The poetic touch, too, never fails in the right place and is never too frequently introduced in her descriptions. They throw a glamor over that Northern land which otherwise you might imagine as rather cold and barren. What charming Springs they must have there! One sees all the fruit-trees clad in bridal garments of pink and white; and what a translucent sky smiles down on the ponds and the reaches of bay and cove!

"The Eastern sky was a great arc of crystal, smitten through with auroral crimsonings."

"She was as slim and lithe as a young white-stemmed birch-tree; her hair was like a soft dusky cloud, and her eyes were as blue as Avonlea Harbor in a fair twilight, when all the sky is a-bloom over it."

Sentiment with a humorous touch to it prevails in the first two stories of the present book.

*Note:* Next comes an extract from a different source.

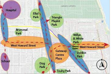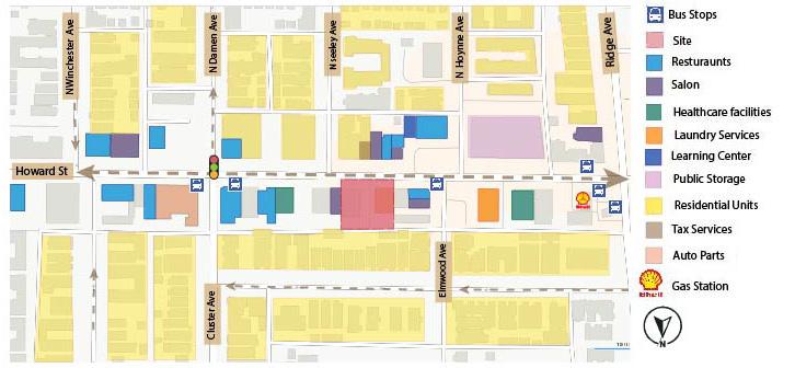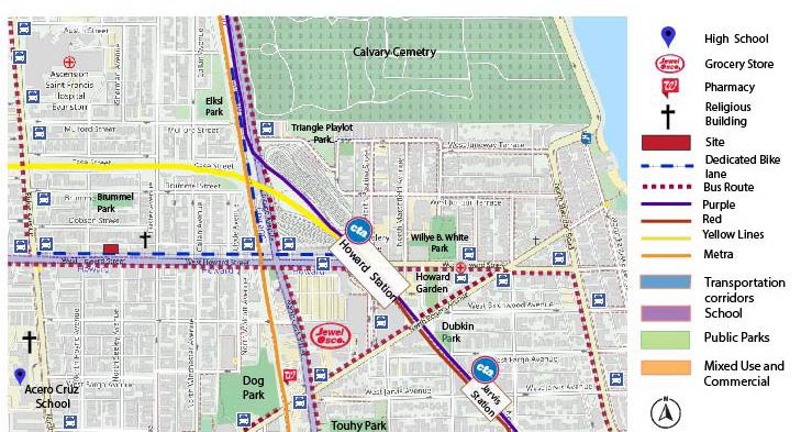 Strategically located near the CTA Howard station, the project provides seamless access to the Red, Blue, and Purple lines, Metra services, and a network of bus stops along major transportation corridors. The development emphasizes pedestrian and cyclist accessibility with dedicated bike lanes and proximity to local amenities, including restaurants, salons, tax services, grocery stores, schools, healthcare facilities, and parks.

The one relates to the disappearance of a valuable white Persian cat with a blue spot in its tail. "Fatima" is like the apple of her eye to the rich old aunt who leaves her with two nieces, with a stern injunction not to let her out of the house. Of course both Sue and Ismay detest cats; Ismay hates them, Sue loathes them; but Aunt Cynthia's favor is worth preserving. You become as much interested in Fatima's fate as if she were your own pet, and the climax is no less unexpected than it is natural, especially when it is made also the last act of a pretty comedy of love.

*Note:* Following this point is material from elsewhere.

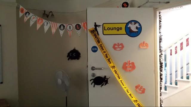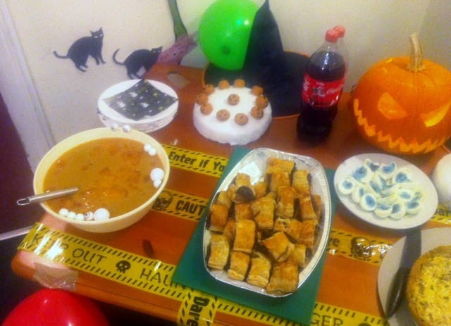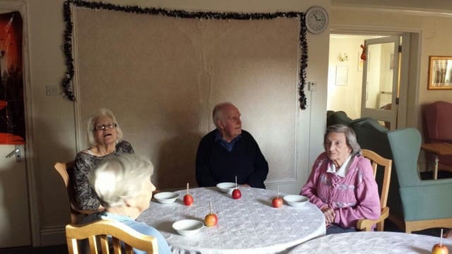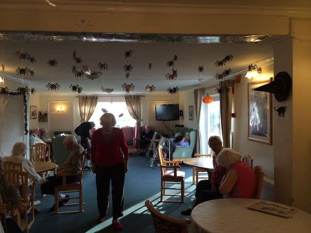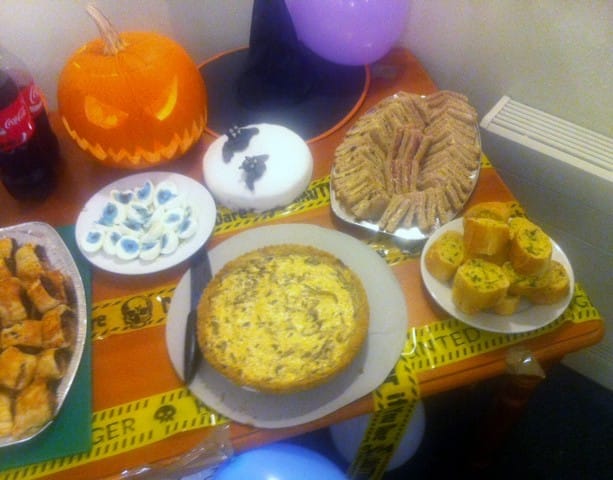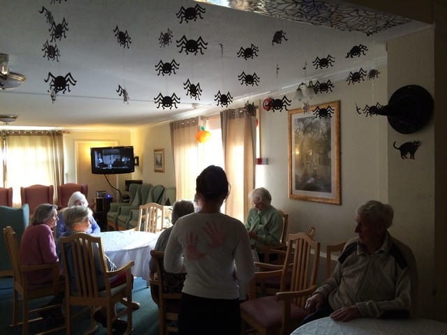 On Friday we had our Halloween party for the residents. Emmy dressed up Morticia Adams and decorated chocolate apples with the residents (photos to follow in another post). Our Chef Morgan made a wonderful spread of home cooked food which included sausage rolls with red onion relish, wild mushroom tart with walnut pastry, monster eyes (boiled eggs), two red velvet cakes, and garlic bread. All the items he made were made from scratch in our kitchen. The residents really enjoyed all the decorations, activities and food.

Miss Montgomery delights in depicting the romantic episodes hidden in the hearts of elderly spinsters as, for instance, in the case of Charlotte Holmes, whose maid Nancy would have sent for the doctor and subjected her to a porous plaster while waiting for him, had she known that up stairs there was a note-book full of original poems. Rather than bear the stigma of never having had a love-affair, this sentimental lady invents one to tell her mocking young friends. The dramatic and unexpected denouement is delightful fun.

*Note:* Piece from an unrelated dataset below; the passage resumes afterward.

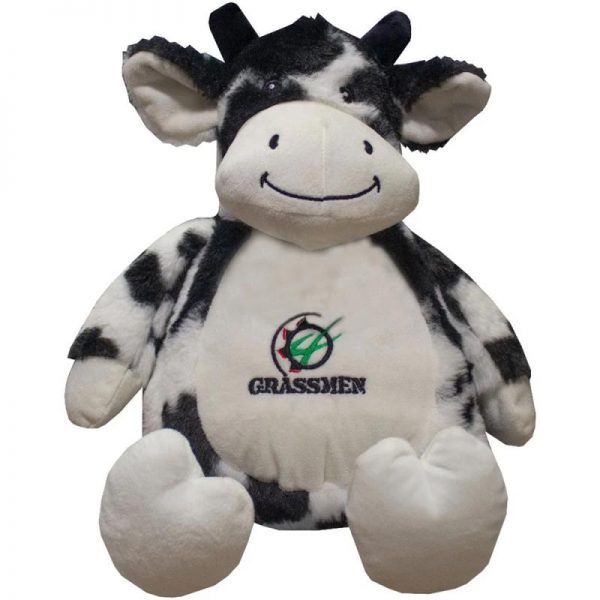 Fiona The Friesian Cow Plush Teddy Product Overview: Meet Fiona, the latest “GRASSMEN” mascot, a soft and lovable Friesian cow plush teddy. Fiona is designed to be a cuddly companion for children of all ages, made from high-quality materials that ensure both comfort and durability. Key Features: Material: 100% polyester soft plush, providing a gentle and cozy feel. Design: Fiona features a contrasting nose and horns, along with sewn eyes and mouth for added safety. Embroidered Logo: The white panel on Fiona’s tummy is adorned with a high-quality embroidered “GRASSMEN” logo. Zip Access: The base of the plush has a zip opening, allowing easy removal of the inner stuffing for washing. Safety: Complies with EN71 European Toy Safety regulations, making it safe for children of all ages. Specifications: Height: 35 cm Care Instructions: Remove all hang tags and fasteners before giving this item to a child. The plush can be cleaned by removing the inner stuffing and washing the outer shell. Why You Should Buy: Fiona The Friesian Cow Plush Teddy is not just a toy but a delightful companion for children. Its high-quality materials and thoughtful design ensure it can be a lasting keepsake, perfect for cuddling, playing, and as a decorative piece. The adherence to safety regulations provides peace of mind for parents, making Fiona a wonderful gift for any occasion.

Another note-book reveals a deeper romance in the case of Miss Emily; this is related by Anne of Green Gables, who once or twice flashes across the scene, though for the most part her friends and neighbors at White Sands or Newbridge or Grafton as well as at Avonlea are the persons involved.

In one story, the last, "Tannis of the Flats," the secret of Elinor Blair's spinsterhood is revealed in an episode which carries the reader from Avonlea to Saskatchewan and shows the unselfish devotion of a half-breed Indian girl. The story is both poignant and dramatic. Its one touch of humor is where Jerome Carey curses his fate in being compelled to live in that desolate land in "the picturesque language permissible in the far Northwest."

Self-sacrifice, as the real basis of happiness, is a favorite theme in Miss Montgomery's fiction. It is raised to the nth power in the story entitled, "In Her Selfless Mood," where an ugly, misshapen girl devotes her life and renounces marriage for the sake of looking after her weak and selfish half-brother. The same spirit is found in "Only a Common Fellow," who is haloed with a certain splendor by renouncing the girl he was to marry in favor of his old rival, supposed to have been killed in France, but happily delivered from that tragic fate.